Per tutto il Novecento l'arte ha sempre creato opere che tematizzano anche l'impossibilità dell'opera stessa. Così il teatro, da Pirandello alle avanguardie di fini 900, tutte mostravano i meccanismi del teatro dentro il teatro. A ribadire anche il rifiuto di un naturalismo, dell'illusione di credere alla illusione stessa del teatro. 
 Forse Baraldi e le tre attrici ucraine indicano una scelta che segna l’esaurimento di questa poetica dell’impossibilità e di un ritorno di narrazione ed etica insieme. L’impossibile del teatro è sublime, ma forse rende necessario tenere conto di limiti più umani. Qui è più semplicemente: “non ci è possibile mettere in scena, adesso, il più grande autore teatrale di lingua russa”.

Qui il limite è in una ragione che non ci appartiene, perché non viviamo quella situazione  e che è fuori dalla scena e fuori dalla recitazione, sebbene dentro un quadrato di ri-significazione (o se si vuole ri-sacralizzazione) di uno spazio con il pubblico attorno.
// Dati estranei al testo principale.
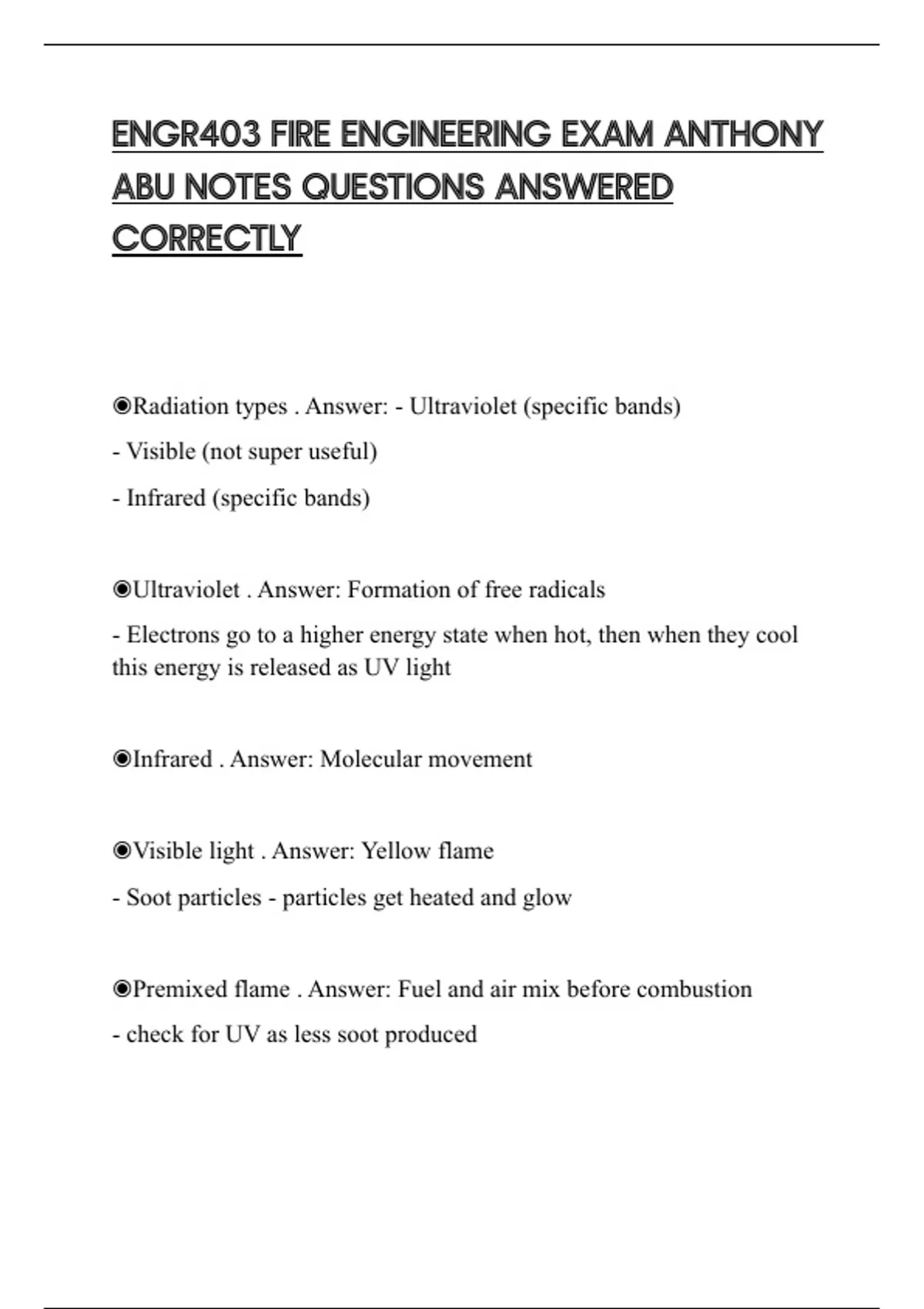 ENGR403 FIRE ENGINEERING EXAM ANTHONY ABU NOTES QUESTIONS ANSWERED CORRECTLY

Personalmente l’ho colto in un dettaglio, che arriva al termine non solo dei racconti dolorosi di cosa sia significato quel 24 febbraio per le attrici impegnate in scena quel giorno, ma della scena finale proprio di quello spettacolo in cui le tre attrici, il caso vuole, interpretavano la parte di tre sorelle (non di Cechov). E’ una scena che nessuno ha visto in patria, che vediamo noi, stavolta senza sottotitoli. 
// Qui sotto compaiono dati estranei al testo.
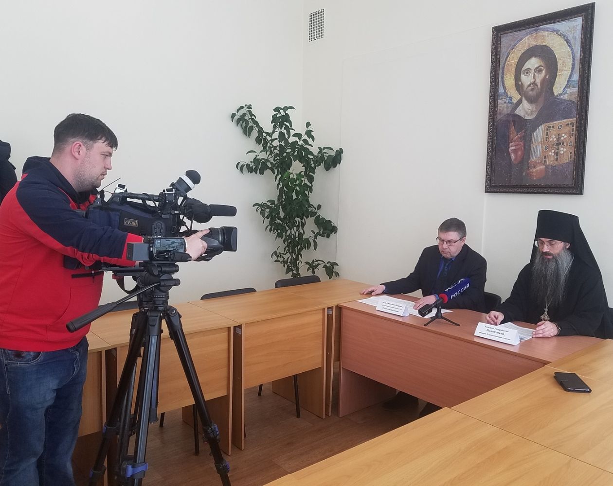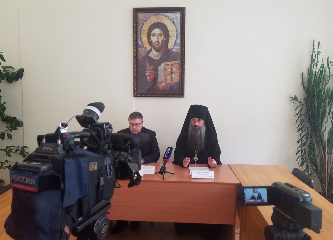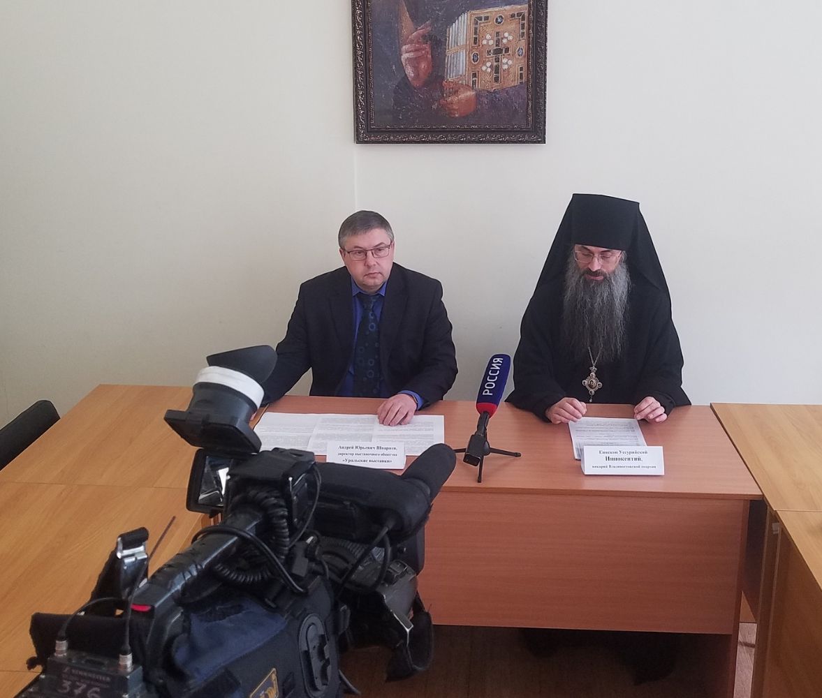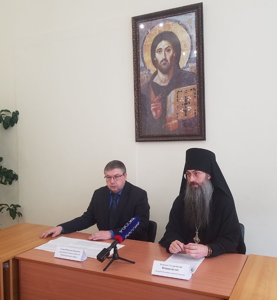 Владивосток. В Епархиальном управлении 1 апреля прошел брифинг, посвященный открытию во Владивостоке православной выставки "От покаяния к воскресению России». Его провели: епископ Уссурийский Иннокентий, викарий Владивостокской епархии; и Андрей Юрьевич Шварнёв, директор выставочного общества «Уральские выставки».
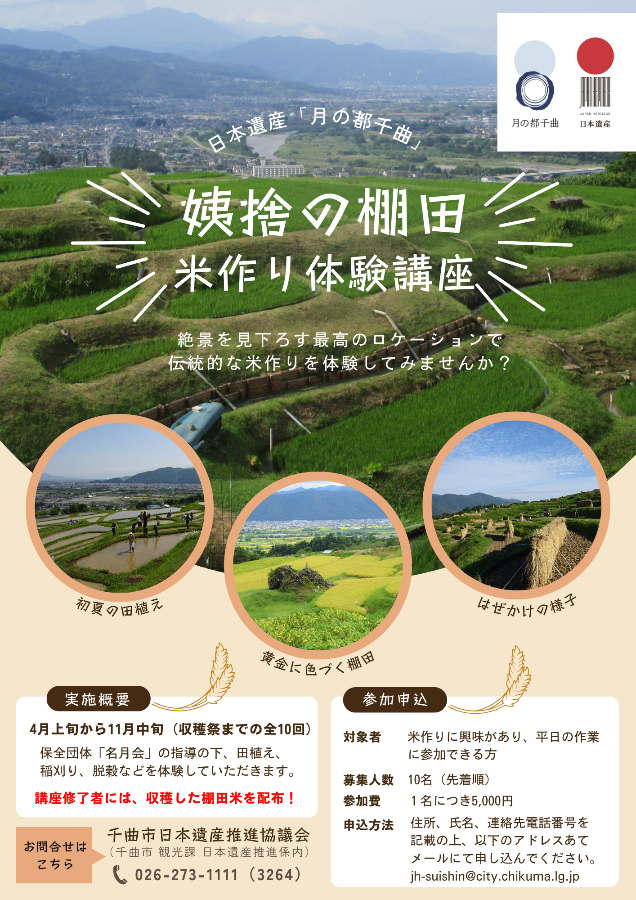 日本遺産「月の都千曲」の構成文化財でもある姨捨の棚田で、米作り体験講座を開催します。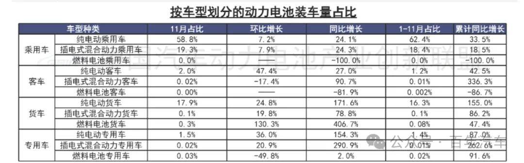 1-11月,純電動(dòng)汽車裝車量占比81.3%,累計(jì)同比增長48.6%;插電式混合動(dòng)力汽車裝車量占比18.6%,累計(jì)同比增長18.9%;燃料電池汽車裝車量占比0.1%,累計(jì)同比增長28.3%。其中,貨車和專用車增速較快。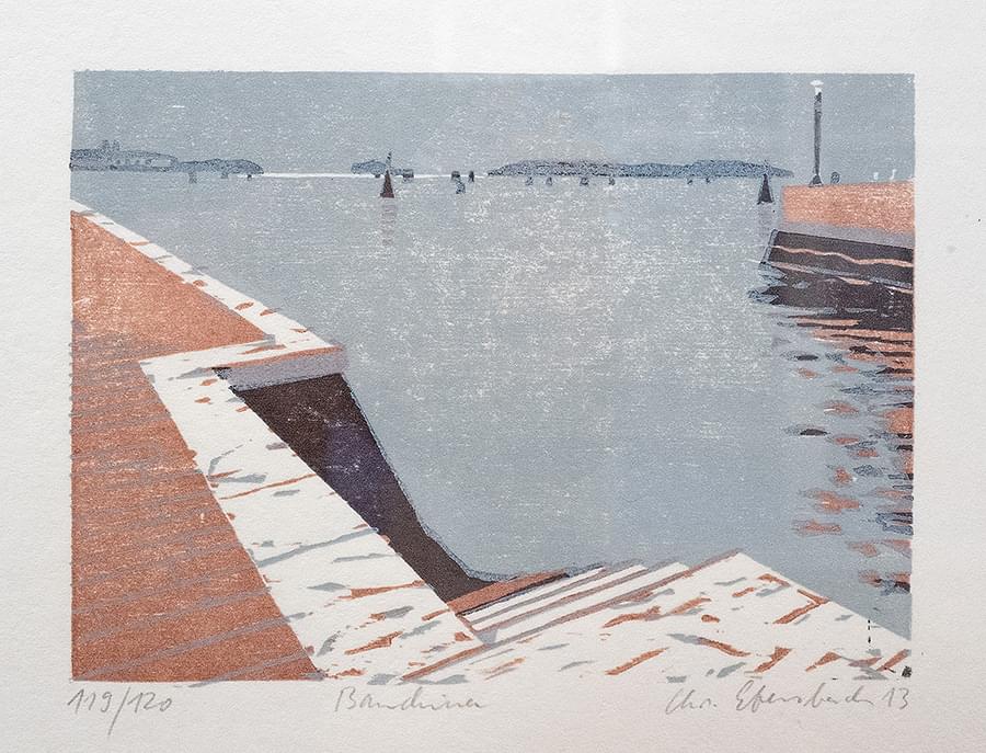 Christine Ebersbach (1954) studied at the Academy of Graphic Arts and Book Arts in Leipzig. She became part of the well-known Ebersbach artist family in 1977 through marriage. Her works focus primarily on landscapes, many of the sketches for her woodcuts were made during her travels through Northern Europe.

Le loro battute in ucraino sono le ultime dello spettacolo. Buio, luce, applausi

Quando si accendono le luci, le tre ragazze avevano una visibile commozione. C’è posto per queste lacrime, forse però come verità che sta fuori dal teatro. 

È una verità irriducibile a ogni argomentazione,  che arriva dal corpo, è una verità profonda che impone di superare ogni dialettica filosofica di ragionamento sul teatro, lasciando spazio alla risposta delle emozioni, intese non come sentimentalismo superficiale, ma come ciò che è alla base della costruzione linguistica del senso, che arriva dopo il passaggio di uno stato fondamentale per ogni attore, la capacità di empatia

 Quel pianto, quella lacrima vista dopo gli applausi, non era richiesta dalla “ recitazione”, nemmeno da quella vera dal racconto vero che Baraldi ha proposto alla fine alle attrici, ma era la loro parte di verità era “la parte” di loro, in sé stesse, una “parte” che porta nell’ambivalenza semantica di questa parola, tutto il suo carico multiforme.  
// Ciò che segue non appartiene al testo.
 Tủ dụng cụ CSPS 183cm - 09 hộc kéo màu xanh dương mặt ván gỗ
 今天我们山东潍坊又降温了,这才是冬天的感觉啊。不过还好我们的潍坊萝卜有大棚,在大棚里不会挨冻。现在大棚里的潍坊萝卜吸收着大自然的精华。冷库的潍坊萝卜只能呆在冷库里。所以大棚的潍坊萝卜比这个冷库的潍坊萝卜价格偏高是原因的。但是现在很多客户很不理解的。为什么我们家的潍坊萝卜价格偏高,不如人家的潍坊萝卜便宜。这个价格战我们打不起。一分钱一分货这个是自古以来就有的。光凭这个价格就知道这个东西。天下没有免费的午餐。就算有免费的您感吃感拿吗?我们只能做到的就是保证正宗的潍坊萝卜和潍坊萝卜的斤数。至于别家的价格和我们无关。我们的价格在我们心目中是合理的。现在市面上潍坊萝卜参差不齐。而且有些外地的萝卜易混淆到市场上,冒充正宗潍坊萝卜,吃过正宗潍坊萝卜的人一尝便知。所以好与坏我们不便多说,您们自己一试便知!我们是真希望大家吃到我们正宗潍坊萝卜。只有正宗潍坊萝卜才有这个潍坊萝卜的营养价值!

Mi interessa quella lacrima che spunta dagli occhi dell'attrice che ha terminato lo spettacolo con il finale di un'opera che non è andata in scena per la guerra. In cui io ho sentito propriamente mettere in scena l'incertezza per un futuro di queste ragazze di ventun anni. Che cosa faranno? Dove potranno fare il loro lavoro e anche realizzare il loro sogno di attrici, quando torneranno e se torneranno? Ecco che la verità di Cechov, l'aspirazione delle tre sorelle ad andare a Mosca, diventa questa tensione malinconica e desiderante delle tre attrici di tornare a Kiev. 

Tornare a casa e un giorno poter dire la battuta “A Mosca A Mosca” come una liberazione.